What is being asked -
Find the line holding "Albarello lombardo in" in the entries below. Give it again exactly, along with every line after it up to and including the line holding "Hammill & Co".

Stored items -
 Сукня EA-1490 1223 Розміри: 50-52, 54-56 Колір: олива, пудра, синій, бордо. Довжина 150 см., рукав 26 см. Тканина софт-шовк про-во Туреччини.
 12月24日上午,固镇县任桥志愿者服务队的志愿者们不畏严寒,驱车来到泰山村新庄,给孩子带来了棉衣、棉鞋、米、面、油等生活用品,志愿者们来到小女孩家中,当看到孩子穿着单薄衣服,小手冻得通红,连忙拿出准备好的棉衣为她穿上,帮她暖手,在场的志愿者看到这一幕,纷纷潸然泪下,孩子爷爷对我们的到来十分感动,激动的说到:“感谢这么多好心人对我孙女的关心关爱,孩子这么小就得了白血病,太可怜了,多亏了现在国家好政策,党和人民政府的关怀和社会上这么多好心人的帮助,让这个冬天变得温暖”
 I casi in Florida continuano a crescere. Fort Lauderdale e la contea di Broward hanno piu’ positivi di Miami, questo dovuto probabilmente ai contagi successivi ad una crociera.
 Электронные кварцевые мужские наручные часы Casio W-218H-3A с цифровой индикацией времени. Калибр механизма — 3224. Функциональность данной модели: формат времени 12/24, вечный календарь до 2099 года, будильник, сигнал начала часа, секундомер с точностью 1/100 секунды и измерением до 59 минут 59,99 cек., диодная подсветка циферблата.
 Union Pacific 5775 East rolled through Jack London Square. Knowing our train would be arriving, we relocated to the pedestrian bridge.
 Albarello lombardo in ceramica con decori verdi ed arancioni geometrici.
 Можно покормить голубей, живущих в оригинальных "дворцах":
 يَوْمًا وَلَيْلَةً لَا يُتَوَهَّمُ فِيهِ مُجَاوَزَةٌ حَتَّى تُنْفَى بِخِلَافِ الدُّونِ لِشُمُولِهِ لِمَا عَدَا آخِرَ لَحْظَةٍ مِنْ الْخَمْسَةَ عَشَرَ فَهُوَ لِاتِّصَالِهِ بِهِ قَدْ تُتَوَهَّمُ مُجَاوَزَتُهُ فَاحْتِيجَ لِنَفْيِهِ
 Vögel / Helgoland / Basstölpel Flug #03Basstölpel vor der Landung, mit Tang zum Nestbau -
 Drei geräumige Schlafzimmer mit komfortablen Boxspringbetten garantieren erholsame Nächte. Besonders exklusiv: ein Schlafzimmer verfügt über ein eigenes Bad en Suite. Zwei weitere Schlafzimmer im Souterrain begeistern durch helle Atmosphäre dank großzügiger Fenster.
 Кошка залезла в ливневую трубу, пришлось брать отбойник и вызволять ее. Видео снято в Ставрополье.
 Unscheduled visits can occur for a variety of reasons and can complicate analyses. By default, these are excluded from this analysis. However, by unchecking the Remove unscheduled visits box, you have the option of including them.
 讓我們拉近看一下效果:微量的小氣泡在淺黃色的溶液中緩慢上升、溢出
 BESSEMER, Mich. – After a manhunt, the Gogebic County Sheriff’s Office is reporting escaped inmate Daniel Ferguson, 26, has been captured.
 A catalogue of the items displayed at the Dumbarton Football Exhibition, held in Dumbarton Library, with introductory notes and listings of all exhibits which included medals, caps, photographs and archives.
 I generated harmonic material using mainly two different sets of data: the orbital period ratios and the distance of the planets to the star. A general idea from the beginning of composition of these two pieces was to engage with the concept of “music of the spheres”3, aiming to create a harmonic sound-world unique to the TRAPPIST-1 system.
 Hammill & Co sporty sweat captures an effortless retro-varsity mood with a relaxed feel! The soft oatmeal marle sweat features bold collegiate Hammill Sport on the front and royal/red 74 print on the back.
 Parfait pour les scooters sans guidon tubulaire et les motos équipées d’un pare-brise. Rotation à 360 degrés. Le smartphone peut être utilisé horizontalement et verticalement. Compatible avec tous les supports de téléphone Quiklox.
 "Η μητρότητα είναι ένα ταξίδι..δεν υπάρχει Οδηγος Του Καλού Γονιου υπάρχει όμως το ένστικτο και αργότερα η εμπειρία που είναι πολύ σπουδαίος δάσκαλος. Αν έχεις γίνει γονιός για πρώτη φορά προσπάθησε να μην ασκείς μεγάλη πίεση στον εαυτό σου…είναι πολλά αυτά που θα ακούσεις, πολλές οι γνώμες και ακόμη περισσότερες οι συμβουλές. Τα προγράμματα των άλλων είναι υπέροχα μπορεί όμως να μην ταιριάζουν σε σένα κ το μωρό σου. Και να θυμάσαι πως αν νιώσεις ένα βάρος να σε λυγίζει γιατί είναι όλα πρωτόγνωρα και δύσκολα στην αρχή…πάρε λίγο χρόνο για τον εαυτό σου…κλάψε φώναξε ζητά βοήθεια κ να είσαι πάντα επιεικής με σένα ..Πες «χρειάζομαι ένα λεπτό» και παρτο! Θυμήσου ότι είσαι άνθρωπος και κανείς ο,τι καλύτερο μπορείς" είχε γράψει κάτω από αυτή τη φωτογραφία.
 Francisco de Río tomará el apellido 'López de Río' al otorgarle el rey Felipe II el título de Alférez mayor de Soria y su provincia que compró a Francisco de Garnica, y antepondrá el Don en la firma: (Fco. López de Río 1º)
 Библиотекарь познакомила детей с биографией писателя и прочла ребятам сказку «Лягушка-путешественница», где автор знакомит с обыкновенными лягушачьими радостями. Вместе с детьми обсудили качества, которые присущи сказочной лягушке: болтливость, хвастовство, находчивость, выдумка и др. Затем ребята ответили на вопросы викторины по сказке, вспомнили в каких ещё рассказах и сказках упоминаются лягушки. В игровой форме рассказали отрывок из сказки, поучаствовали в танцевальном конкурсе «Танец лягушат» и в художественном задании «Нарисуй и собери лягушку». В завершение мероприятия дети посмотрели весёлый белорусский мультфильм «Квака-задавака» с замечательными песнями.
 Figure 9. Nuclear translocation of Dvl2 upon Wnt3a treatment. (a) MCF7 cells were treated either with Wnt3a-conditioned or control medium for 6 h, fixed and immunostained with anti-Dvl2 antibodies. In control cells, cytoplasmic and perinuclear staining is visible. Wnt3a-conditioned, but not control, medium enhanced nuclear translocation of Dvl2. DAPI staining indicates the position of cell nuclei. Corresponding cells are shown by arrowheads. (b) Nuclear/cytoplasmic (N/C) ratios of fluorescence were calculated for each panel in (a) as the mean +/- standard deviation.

Solution to the problem -
 Albarello lombardo in ceramica con decori verdi ed arancioni geometrici.
 Можно покормить голубей, живущих в оригинальных "дворцах":
 يَوْمًا وَلَيْلَةً لَا يُتَوَهَّمُ فِيهِ مُجَاوَزَةٌ حَتَّى تُنْفَى بِخِلَافِ الدُّونِ لِشُمُولِهِ لِمَا عَدَا آخِرَ لَحْظَةٍ مِنْ الْخَمْسَةَ عَشَرَ فَهُوَ لِاتِّصَالِهِ بِهِ قَدْ تُتَوَهَّمُ مُجَاوَزَتُهُ فَاحْتِيجَ لِنَفْيِهِ
 Vögel / Helgoland / Basstölpel Flug #03Basstölpel vor der Landung, mit Tang zum Nestbau -
 Drei geräumige Schlafzimmer mit komfortablen Boxspringbetten garantieren erholsame Nächte. Besonders exklusiv: ein Schlafzimmer verfügt über ein eigenes Bad en Suite. Zwei weitere Schlafzimmer im Souterrain begeistern durch helle Atmosphäre dank großzügiger Fenster.
 Кошка залезла в ливневую трубу, пришлось брать отбойник и вызволять ее. Видео снято в Ставрополье.
 Unscheduled visits can occur for a variety of reasons and can complicate analyses. By default, these are excluded from this analysis. However, by unchecking the Remove unscheduled visits box, you have the option of including them.
 讓我們拉近看一下效果:微量的小氣泡在淺黃色的溶液中緩慢上升、溢出
 BESSEMER, Mich. – After a manhunt, the Gogebic County Sheriff’s Office is reporting escaped inmate Daniel Ferguson, 26, has been captured.
 A catalogue of the items displayed at the Dumbarton Football Exhibition, held in Dumbarton Library, with introductory notes and listings of all exhibits which included medals, caps, photographs and archives.
 I generated harmonic material using mainly two different sets of data: the orbital period ratios and the distance of the planets to the star. A general idea from the beginning of composition of these two pieces was to engage with the concept of “music of the spheres”3, aiming to create a harmonic sound-world unique to the TRAPPIST-1 system.
 Hammill & Co sporty sweat captures an effortless retro-varsity mood with a relaxed feel! The soft oatmeal marle sweat features bold collegiate Hammill Sport on the front and royal/red 74 print on the back.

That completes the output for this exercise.